畑山悠月(KALMA) SPECIAL INTERVIEW -前編-

10月 24, 2023


 

僕の中でグレッチは“貴族”

 

メンバー全員が2000年生まれという札幌出身の3ピースロックバンド、KALMA。2016年の結成以降、彼らはノスタルジックなメロディを持つ曲とエネルギッシュなライヴが歓迎され、ライヴハウスシーンでめきめきと頭角を現してきたが、中でもグレッチのフルアコを腰高に抱え、かき鳴らすヴォーカル&ギターの畑山悠月の存在は一際目立つものだった。その畑山がインタビューに登場。インタビュー前編ではグレッチを手にしたきっかけや、今回試奏したG5210T-P90 Electromatic Jet Two 90 Single-Cut With Bigsby(以下:G5210T-P90 Electromatic Jet)のインプレッションを語ってもらった。

 

歌の乗り方が違う。やっぱりこいつなんだなって思います

 

― ギターを始めたきっかけから教えていただけますか?

畑山悠月(以下:畑山) 音楽は昔から好きだったらしいです。僕自身は自覚がなかったんですけど、おじいちゃんおばあちゃん含め家族はそう思っていたようで。6歳の頃には、おじいちゃんとおばあちゃんに薦められてバイオリンを小6まで習わせてもらったんです。それが初めての楽器でした。でも、同時に小中学校とずっと野球もやっていたので、中学校に入ったタイミングでバイオリンはやめたんですけど、その後、中2になった時、たまたま親の車でMr.Childrenが流れているのを聴いて、“ミスチルってこんなにカッコいいんだ”って。小学生の頃は自覚がなかったですけど、中学生になってから、音楽めっちゃ好きだなって思った時に唯一ドキドキしたというか、こんなふうになりたいと思ったのがミスチルで、いとこのお父さんからアコースティックギターを借してもらって練習を始めたんです。

 

― 最初はどんな練習をしていましたか?

畑山 ヒットソングのコードブックを買ってきて、弾き語りばかりやっていました。同じようにギターを始めた周りの子たちの話を聞いていると、僕は割とさらっとできたほうだと思います。たぶんバイオリンをやっていたから指が慣れていたんでしょうね。指が痛くてやめた人は多いと思うんですけど、僕は全然痛くなかったし、コードチェンジもすぐにできたし、相性がいいと思いました。

 

― どんな曲を弾き語りしていたんですか?

畑山 もちろんミスチルです。その後、中3の時にエレキギターを、アンプもセットになっている初心者セットで買ってONE OK ROCKとかASIAN KUNG-FU GENERATIONとかKANA-BOONとかを弾いてました。でも、歌うのがそもそも好きだったので、エレキを買ってからもリードギターじゃなくて歌いながらバッキングばかり練習していたんです。あの時、ちゃんとリードギターも練習しておけば、今頃はもっと上手くなってたのかなって思います(笑)。 

 

― そんな畑山さんがグレッチギターを初めて手にしたのが、KALMAが2020年にメジャーデビューするタイミングだったそうですね?

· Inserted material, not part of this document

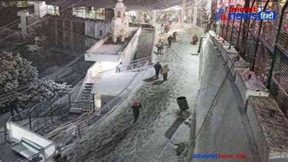 वीडियो डेस्क। वैष्णो देवी के भवन पर रविवार देर शाम को सीजन की पहली बर्फबारी हुई। अचानक बर्फ के फाहे गिरते ही ट्रैक पर यात्रा कर रहे श्रद्धालु खुशी के मारे झूम उठे।

畑山 はい、高校を卒業してメジャーデビューが決まった時に自分へのお祝いとして買いました。

 

― なぜグレッチだったんですか?

畑山 椎名林檎さんの「丸の内サディスティック」の歌詞にも出てくるし、グレッチという名前は知っていたんですけど、札幌のライヴハウスでグレッチを弾いている先輩っていなかったし、僕自身、グレッチ使いのギタリストの方々を通っていたわけではなかったんです。だから、普通にもっとポピュラーなギターを買おうと思っていたんですけど、札幌の狸小路って商店街にあるBIG BOSSという楽器屋さんで、こいつ(メインのG6120T-55VS)に一目惚れしちゃって。

 

― それは形に?

畑山 はい、形と色に。こんなギターを持っている人、札幌のバンドマン界隈でいないぞと思いました。これを持ったら、俺、頭ひとつ抜けれられるんじゃねって(笑)。でも値段を見たら、18〜19歳の子供には買えなくて。クレジットカードも持っていなかったから、お母さんを連れてきて、お母さんの名義でローンを組んでもらって買いました。

 

― 実際に使ってみていかがでしたか?

畑山 まず周りのバンドマンから“音も見た目もめっちゃいいね”って褒められました(笑)。でも、その時はまだ僕がグレッチに踊らされているというか、ステージに立っているのが僕じゃなくて、グレッチみたいな感じだったんですよ。それくらい、こいつの存在感が強すぎたんです。でも、ローンを組んだからにはずっと大事に使おうって思いました(笑)。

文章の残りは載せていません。